A Solo 401(k) allows for employer and employee contributions, which is a major difference when compared to a SEP that only allows for employer contributions. The employee contributions in a Solo 401(k) allow for potentially greater annual contributions at the same income level.
Solo 401(k) plans allow for contributions by both the employee and the employer. Employee deferrals can equal a maximum of $19,000 in 2019. Employer contributions can be up to 20% of net self-employment income. The total annual contribution is limited to $56,000. This is like a SEP, but because of the ability to make employee deferrals in addition to the employer contribution the Solo 401(k) can often be more advantageous.
Let’s look at an example of a realtor who makes $100,000 a year. If they contribute $19,000 in employee deferrals and an additional $20,000 (20%) in employer contributions, the total is $39,000. With a SEP, that same realtor could have contributed a maximum of $20,000. If maximizing contributions is the goal, the Solo 401(k) may be the better option.
Solo 401(k) plans allow for catch up contributions for those 50 or over. This is an advantage over the SEP if you are 50+ and want to contribute as much pre-tax as possible to your retirement. The catch-up contribution amount for 2019 is an additional $6,000. The catch-up contribution must come from the employee deferral portion of your annual contribution but does allow for a greater overall annual contribution. For those who have reached the age of 50 you can contribute a total of $62,000 for 2019 in your Solo 401(k).
Another beneficial feature of the Solo 401(k) is that you can implement a Roth option as well if your goal is to not pay taxes once you retire. A Solo 401(k) with a Roth option works much like a Roth IRA, except you must take Required Minimum Distributions at age 70½ unless you roll the Roth 401(k) over to a Roth IRA. Having some retirement savings in a Roth account adds a layer of flexibility from a tax and an RMD perspective.
Traditional 401(k) plans have a reputation of being expensive to maintain and difficult to set up. However, this is NOT the case with a Solo 401(k). The paperwork is relatively simple and there are no annual filings initially.
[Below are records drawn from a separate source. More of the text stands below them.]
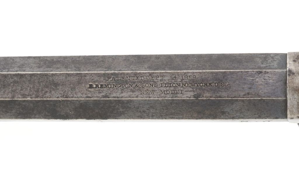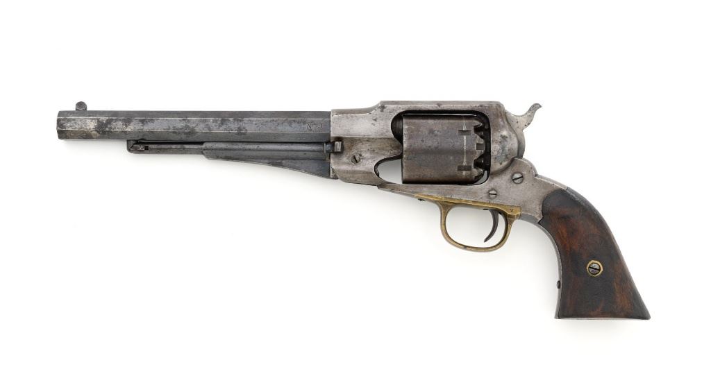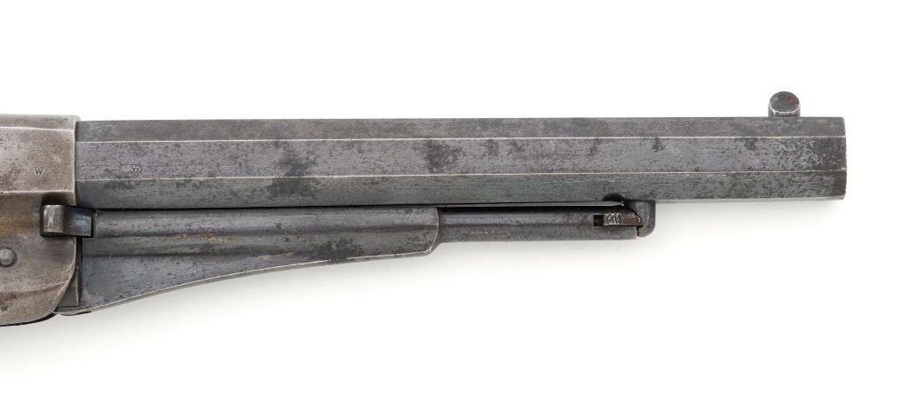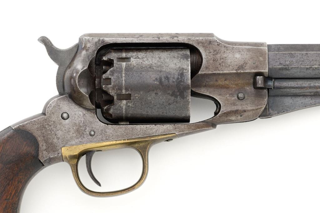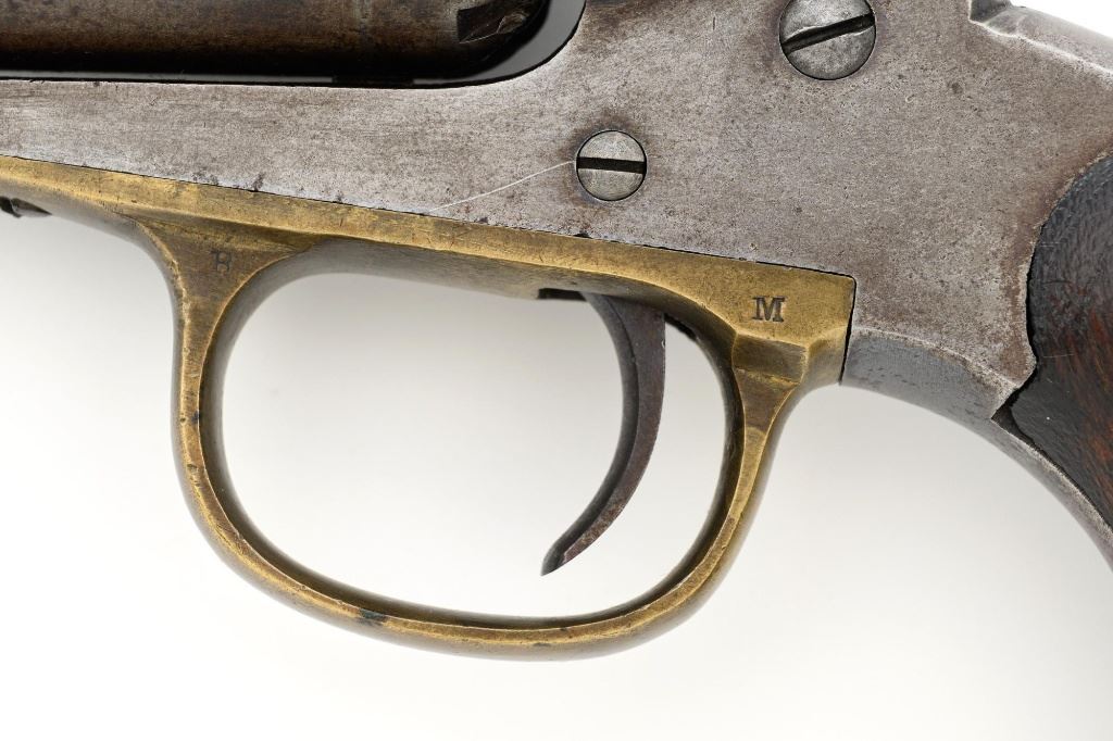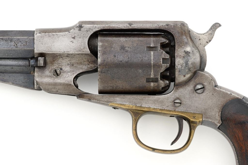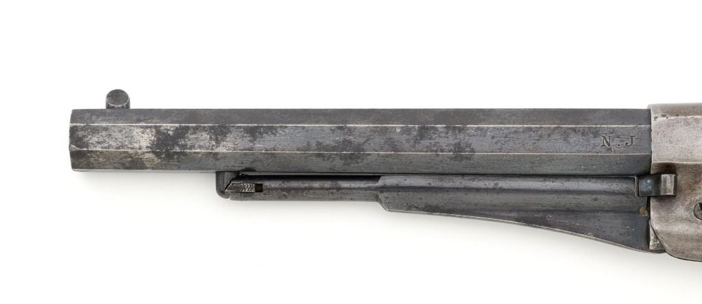 New Jersey Marked Remington New Model Army Single Action Percussion Revolver, #71461, .44 cal., 8" octagon barrel, blue finish, brass trigger guard, smooth walnut two-piece grips, "pinched" blade front sight, and fixed "V"-notch rear sight. Left side of the barrel at the breech is marked "N.J". With several small inspectors proofs scattered throughout. Top of barrel is marked in three-lines "PATENTED SEPT. 14, 1858/E. REMINGTON & SONS, ILION NEW YORK. U.S.A./NEW-MODEL". Matching visible numbers on left side of the grip frame and underside of the barrel. Overall condition of this revolver is very good, retaining a significant amount of thinning and toning blue finish on the barrel and loading lever, which also displays scattered spots of patina and mild erosion. Barrel address and New Jersey markings are clear. Frame and cylinder with a combination gray/brown patina. Brass shows a pleasing uncleaned patina. Grips with scattered moderate impressions, other typical marks associated with age and use. Finish on the left grip shows some darkening and light texture. Action is crisp and cycles smoothly. Bore is fine with clearly defined rifling. One of approx. 1,000 purchased by the State of New Jersey. Est.: $1,500-$1,800. (Antique) (Michael Strietbeck Collection)
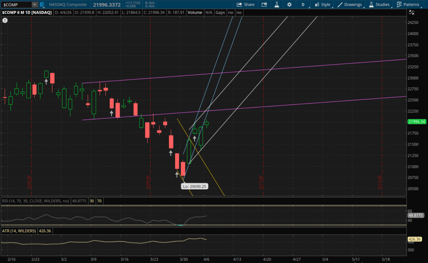 It was a relatively quiet session and volumes were very light. The Nasdaq did not break through any support/resistance levels so nothing changes from the previous daily update. For tomorrow the next resistance level to watch will be at about 22,260 from its prior uptrend (purple). If it can break through this level then its primary uptrend (white) would be the next level to watch at 22,440-22,450. On a pullback, this same primary uptrend will be support at 21,680-21,685. For now that's the only daily support level to watch.
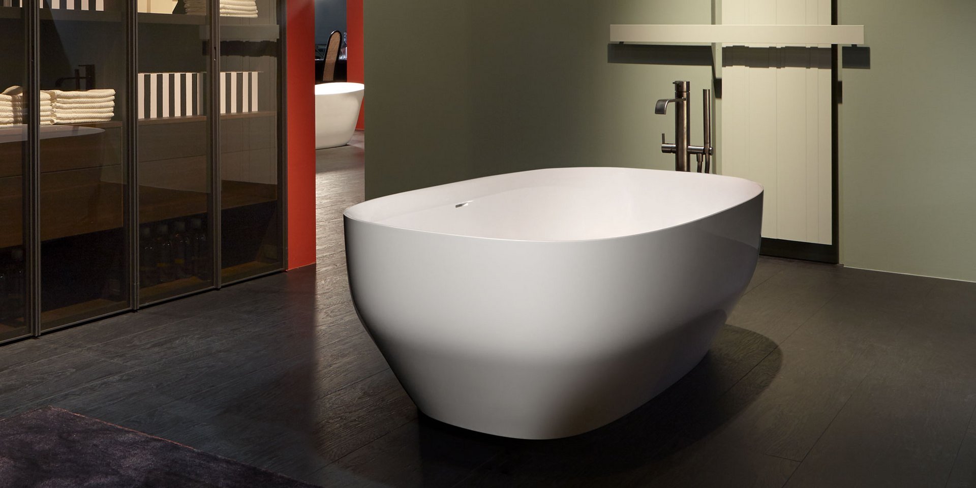 Oval glossy Cristalplant bathtub comlete with drain and pressure plug, siphon and flexible hose. Can be lacquered externally.
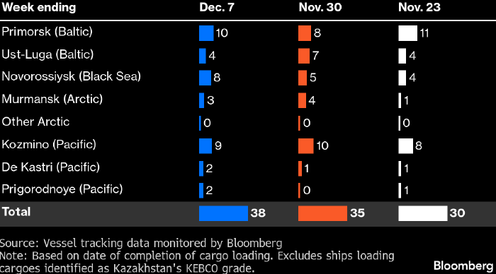 Число танкеров, загруженных в российских портах. Источник: Bloomberg
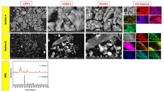 Characterization of CW Materials, EDS Mapping, and XRD Analysis.
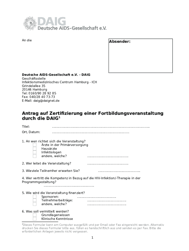 Instructions for the Deutsche AIDS-Gesellschaft e.V. (DAIG) form

Once the plan has more than $250,000 in assets, there is a requirement to file Form 5500-SF with the IRS annually – easily accomplished by an accountant.
Should You Open a SEP or Solo 401(k)?
Both plans can offer robust tax deferred savings for retirement. If you have any employees other than your spouse, or you think you might in the very near future, a SEP might be preferable. If you don’t have employees and really want to maximize savings a Solo 401(k) might be the better option. The potential to maximize your tax savings is even higher with a Solo 401(k) if you are 50 or over with catch-up contributions.
The best way to figure out which plan is best for you and your Real Estate business is to talk to a CERTIFIED FINANCIAL PLANNER™. Your CFP® professional can look at your entire financial picture, both personal and business and make recommendations that will help you reach your retirement goals. They can also help with things such as pin pointing your risk tolerance and investment recommendations after you get your new retirement account open. Retirement planning mistakes can be very costly, so it’s important to work with a Financial Planner or a Registered Investment Advisor who puts your best interest before their own.